■ **ABOUT THIS EXERCISE**
From the line with "日本女子组合松山奈未/志田千" to the line with "The interiors of", retype each line exactly as it stands in the records below, but skip the pictures.

■ **SUPPLIED DATA**
+ + +

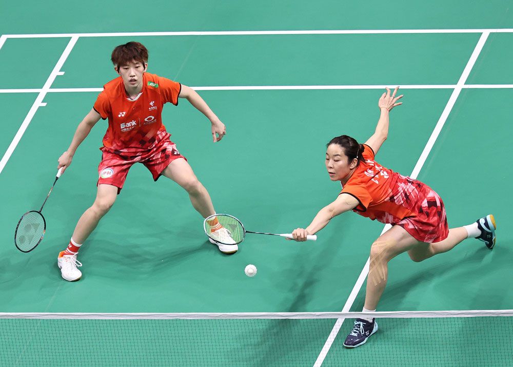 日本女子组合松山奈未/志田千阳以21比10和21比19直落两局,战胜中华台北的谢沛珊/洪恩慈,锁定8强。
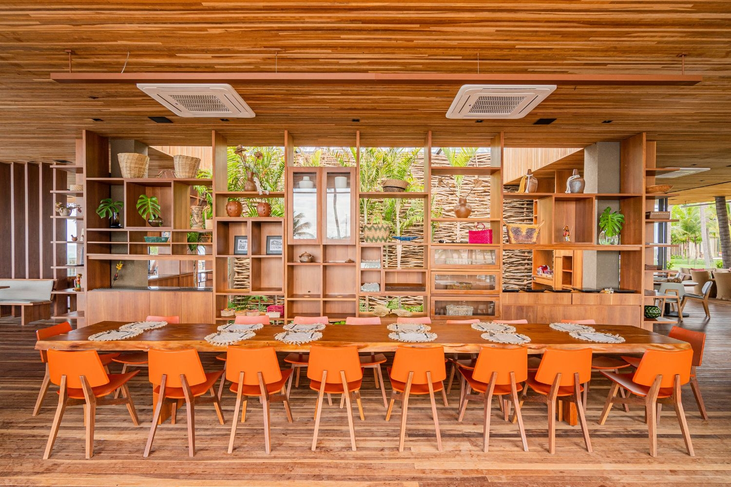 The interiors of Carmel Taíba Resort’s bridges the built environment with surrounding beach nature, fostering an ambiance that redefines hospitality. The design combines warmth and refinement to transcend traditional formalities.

+ + +

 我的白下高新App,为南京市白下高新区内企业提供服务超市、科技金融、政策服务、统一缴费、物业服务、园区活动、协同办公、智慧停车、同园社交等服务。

+ + +

■ **SOLUTION FOR THIS EXERCISE**
 日本女子组合松山奈未/志田千阳以21比10和21比19直落两局,战胜中华台北的谢沛珊/洪恩慈,锁定8强。
 The interiors of Carmel Taíba Resort’s bridges the built environment with surrounding beach nature, fostering an ambiance that redefines hospitality. The design combines warmth and refinement to transcend traditional formalities.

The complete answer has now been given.